The band finds itself challenged in meeting “a Cadillac skillset with a Reliant budget.” In the meantime, Ms. Debassige has been backfilling the role. “The person who would normally be stepping into the role as an acting manager didn’t want the job,” she admitted ruefully.
In addition to taking on the band manager role, Ms. Debassige has been acting as a band rep in the child welfare department.
“We have a role to play in child welfare, as does every band, but we have a very small team,” she said. “That role requires a lot of travelling as well, as the child might be in Toronto or Sudbury or somewhere else.” Maintaining jurisdiction over its children has always been a major concern for M’Chigeeng, she noted. “At the end of the day the idea is to have jurisdiction reside in our own community.”
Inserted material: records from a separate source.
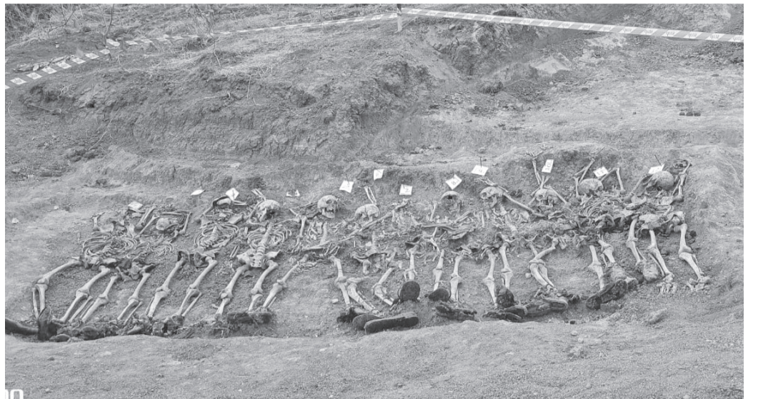
نعمت الخورة – أذربيجان

هناك في اديلي حيث تتوزع جثث جماعية تحت التراب، لم يحد مكانها بعد من قبل المسؤولين والمتابعين الأذربيين في قرية اديلي التابعة لمحافظة خوجاوند.
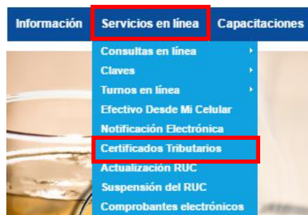
Figura 1. Página principal de acceso a servicios en línea del SRI

Para obtener un Certificado Cumplimiento Tributario , ingrese a la página web del Servicio de Rentas Internas www.sri.gob.ec , en la pestaña Servicios en línea y escoja la opción Certificados Tributarios:
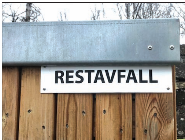
Restavfall BARE til avfall som IKKE skal tilbake i jorda
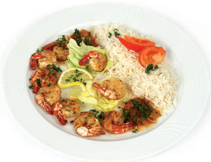
159 Riesencrevetten Chorrillana 42.50 gedämpft in Weisswein an rassisger Indio-Sauce aus grob geschnittenen Zwiebeln und Tomaten, serviert mit Trockenreis
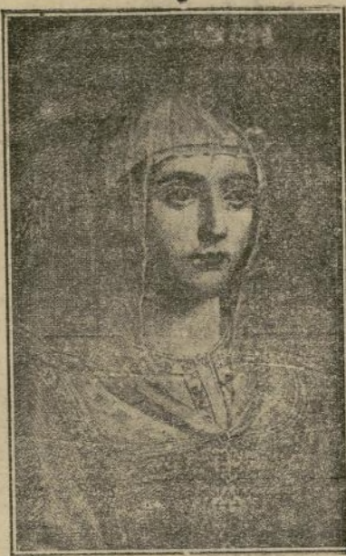
Isabel I de Castilla en los primeros años de su reinado

A las mujeres españolas de todas las clases sociales. A nuestras hermanas de raza y lengua de las Repúblicas hispánicas. — A las mujeres conscientes de la dignidad de su sexo, sin distinción de razas ni de naciones. A todos los hombres que sientan los ideales de Patria, Religión, Cultura y Familia y muy especialmente a los españoles de corazón de dentro y fuera de España.
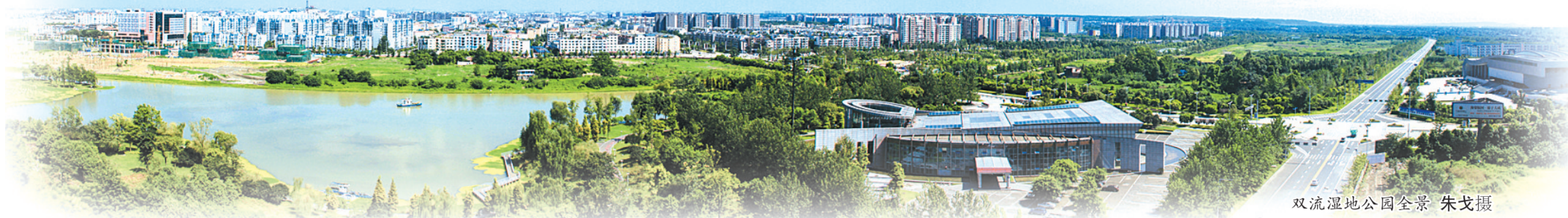
双流湿地公园全景
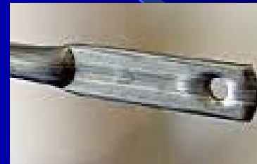
Punch Hole Brace
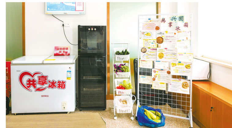
社区里的共享冰箱。
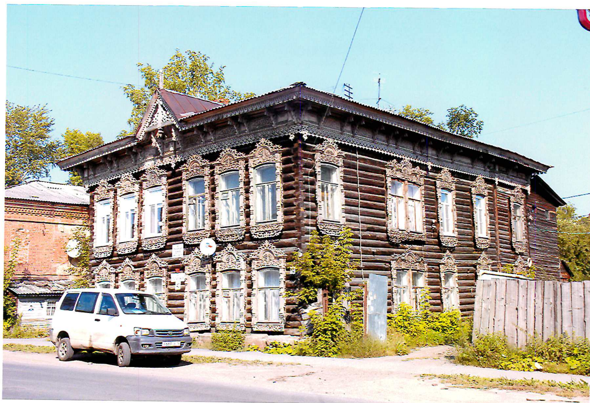
Видовая точка № 3. Общий вид здания с юго-западной стороны.
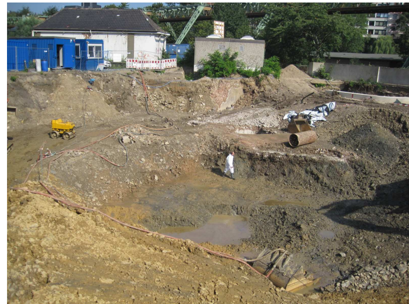
Fläche nach Beseitigung der Teerbecken
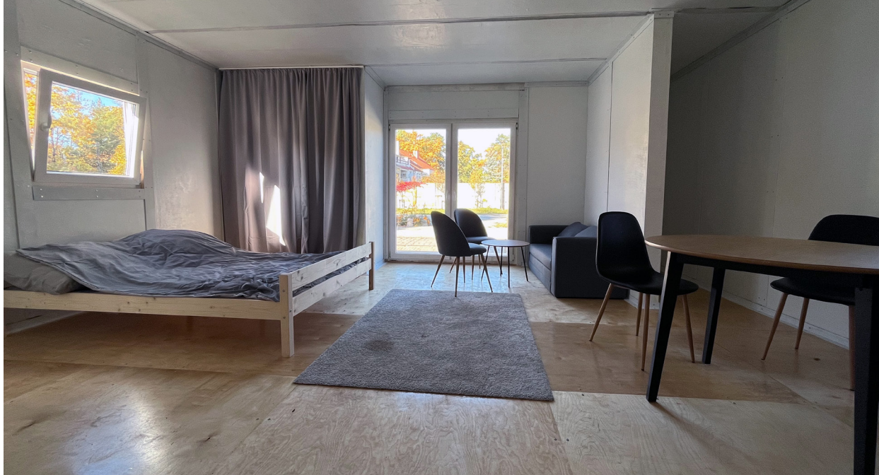
II. 10. Wnętrze jednostki SHS
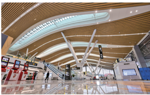
12月15日,贵阳龙洞堡国际机场3号航站楼正式启用(12月14日摄)。

Ms. Debassige went on to point out that “I have people coming to me on a daily basis, bringing me their stories and concerns, trusting me with their information.” Honouring that trust requires a delicate balance. “I take those concerns with me to the local, provincial and federal levels when I am dealing with those issues that impact people’s every day lives. My ideas are really the community’s ideas, they come from the grassroots. So when I am dealing on a regional or national basis, it is the local concerns that are driving the agenda while I am sitting at the table.”
All this takes a toll. “I am a 24/7 chief,” she admits. “I have worked 50 to 100 hours every week since I was elected and I haven’t taken a vacation. But when people ask me where I draw my strength from, it is the people in the community.” When she sees the impact that issues are having on people’s lives, her empathy fuels her resolve to find solutions. “I find creative ideas rooted in the ideas of the people,” she said.
Being creative is very challenging when dealing with a bureaucracy whose policy books don’t deal with modern realities. “They didn’t even have a line for dealing with aeration lagoons,” she said, her civil engineering background coming to the fore.
Ms. Debassige forecasts that the load will let up somewhat, however, once the band has a manager in place—something that she admits she is eagerly looking forward to.
In the meantime, shovels are already in the ground for the community’s long sought after grocery story and business centre, slated to open in May of 2018. There have been successful negotiations for employment opportunities for band members with Hydro One for brush cutting and the Ministry of Transportation in the coming Highway 540 reconstruction. Ms. Debassige can also point to advances in the construction of badly needed new housing in the community.